**TASK REQUIREMENTS**
Copy, exactly as written, the lines that begin at the one containing "При изготовлении 2D" and end at the one containing "Navy & Gold". Skip any pictures in the data below.

**RAW DATA**
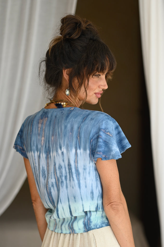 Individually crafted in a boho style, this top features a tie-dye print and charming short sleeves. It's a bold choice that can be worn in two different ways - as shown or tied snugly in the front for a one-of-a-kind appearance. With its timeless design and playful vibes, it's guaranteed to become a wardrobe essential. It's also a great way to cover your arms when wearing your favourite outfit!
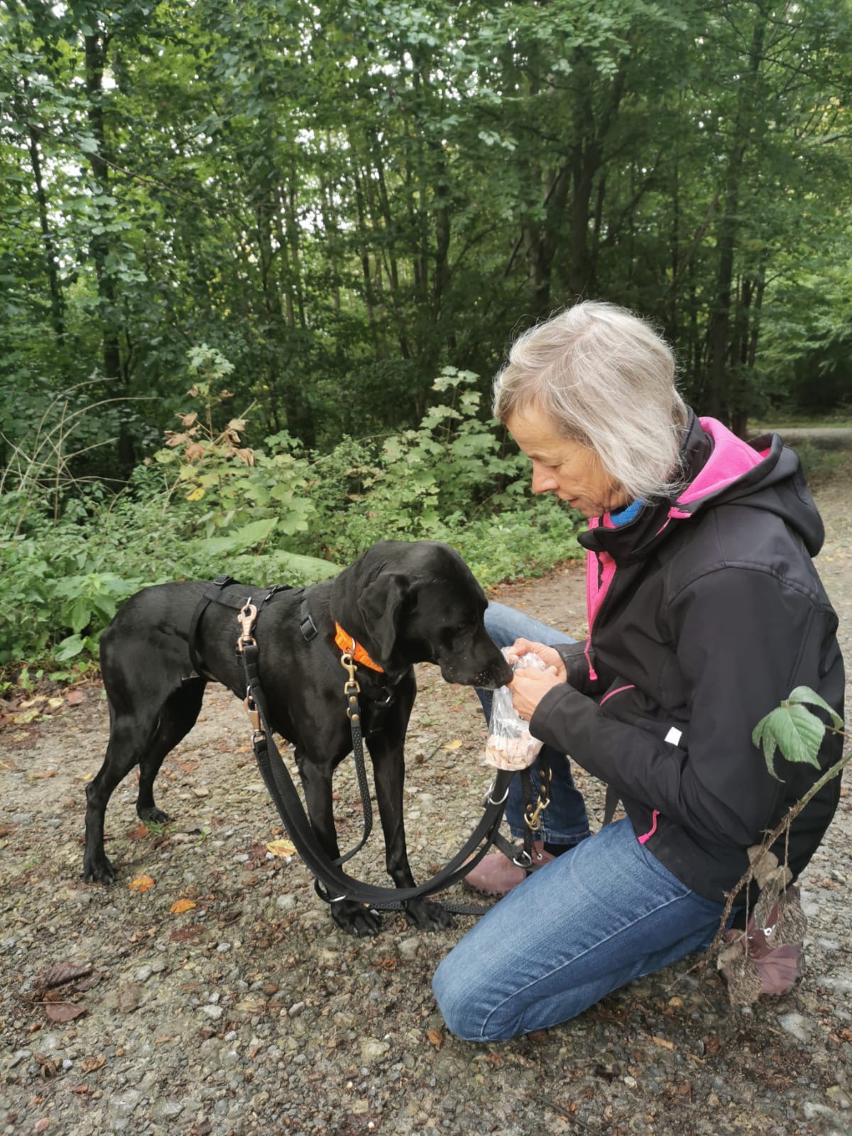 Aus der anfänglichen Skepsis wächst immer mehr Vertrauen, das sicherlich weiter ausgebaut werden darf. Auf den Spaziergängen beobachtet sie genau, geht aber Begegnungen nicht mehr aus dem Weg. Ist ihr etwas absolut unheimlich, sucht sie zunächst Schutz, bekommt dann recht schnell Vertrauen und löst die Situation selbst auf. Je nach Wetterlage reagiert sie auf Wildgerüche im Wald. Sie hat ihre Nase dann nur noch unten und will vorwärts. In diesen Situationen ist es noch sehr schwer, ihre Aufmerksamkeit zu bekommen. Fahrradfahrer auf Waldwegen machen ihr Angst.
==
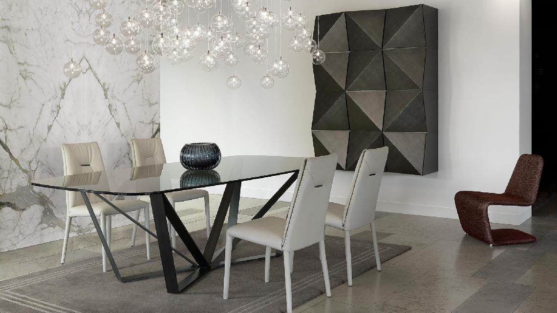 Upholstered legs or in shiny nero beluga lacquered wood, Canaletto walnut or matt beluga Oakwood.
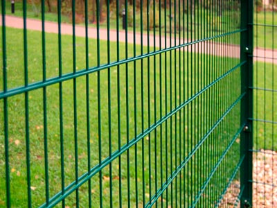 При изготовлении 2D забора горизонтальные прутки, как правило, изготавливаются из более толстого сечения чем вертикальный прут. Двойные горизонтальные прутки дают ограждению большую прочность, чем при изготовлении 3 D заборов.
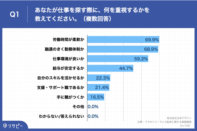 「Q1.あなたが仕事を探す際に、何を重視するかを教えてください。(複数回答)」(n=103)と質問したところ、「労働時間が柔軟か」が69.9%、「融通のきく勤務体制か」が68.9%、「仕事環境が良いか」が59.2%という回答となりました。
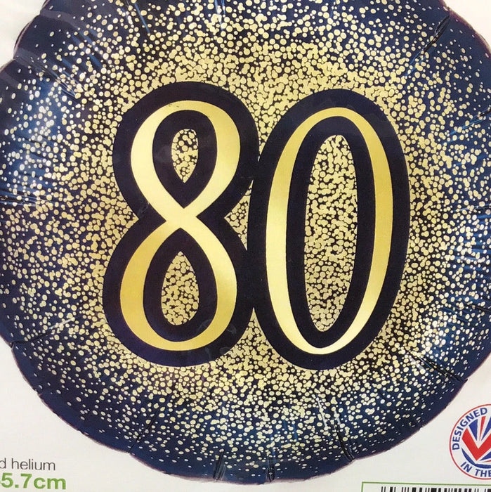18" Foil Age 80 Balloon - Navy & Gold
---
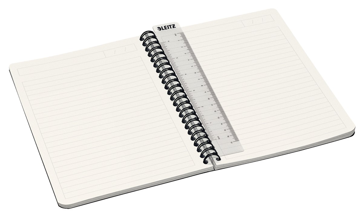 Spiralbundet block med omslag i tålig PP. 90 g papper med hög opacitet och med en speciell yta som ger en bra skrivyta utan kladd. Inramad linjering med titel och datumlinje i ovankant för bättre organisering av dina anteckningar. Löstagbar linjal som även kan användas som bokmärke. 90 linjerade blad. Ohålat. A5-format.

**WORKED SOLUTION**
 При изготовлении 2D забора горизонтальные прутки, как правило, изготавливаются из более толстого сечения чем вертикальный прут. Двойные горизонтальные прутки дают ограждению большую прочность, чем при изготовлении 3 D заборов.
 「Q1.あなたが仕事を探す際に、何を重視するかを教えてください。(複数回答)」(n=103)と質問したところ、「労働時間が柔軟か」が69.9%、「融通のきく勤務体制か」が68.9%、「仕事環境が良いか」が59.2%という回答となりました。
18" Foil Age 80 Balloon - Navy & Gold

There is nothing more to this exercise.